A new study shows that the wage gap between tipped and non-tipped workers is the widest it’s ever been in American history.
1966 amendments to the Fair Labor Standards Act (FLSA) created protections to hotel, restaurant and other service employees, but also created a sub-wage for tipped workers with the expectation that an employee’s tips, when added to the sub-wage, would match or exceed the minimum wage. In effect, the tipped wage created a subsidy for service employers, exempting organizations that used tipped labor from paying full wages.
According to a new study from the Economic Policy Institute (EPI), tipped laborers face much more stringent economic outcomes than their full-wage peers.
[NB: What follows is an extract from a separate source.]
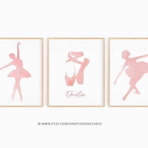 ballet shoes print, ballerina slippers watercolor, dance wall art printable, dancer themed room, big girls room decor, pink shoe print

According to the study, the poverty rate among non-tipped workers is 6.5 percent – but among tipped workers, it rests at at 12.8 percent. More than half of the people represented by this overwhelmingly female demographic are more likely to rely on public assistance as a permanent wage subsidy. The authors of the EPI study note that public assistance was never meant to become “part of the business strategy for low-wage employers.” They also found that the tipped laborer workforce is currently the largest it has ever been.
In their own research focused on tipped workers, the Restaurant Opportunities Center (ROC) found that one in three tipped workers are parents, and of that number one in six rely on free and reduced lunch programs to feed their children. Poverty rates dramatically rise to 25% among tipped workers who are people of color. However, overall poverty decreases in states with higher minimum wage rates.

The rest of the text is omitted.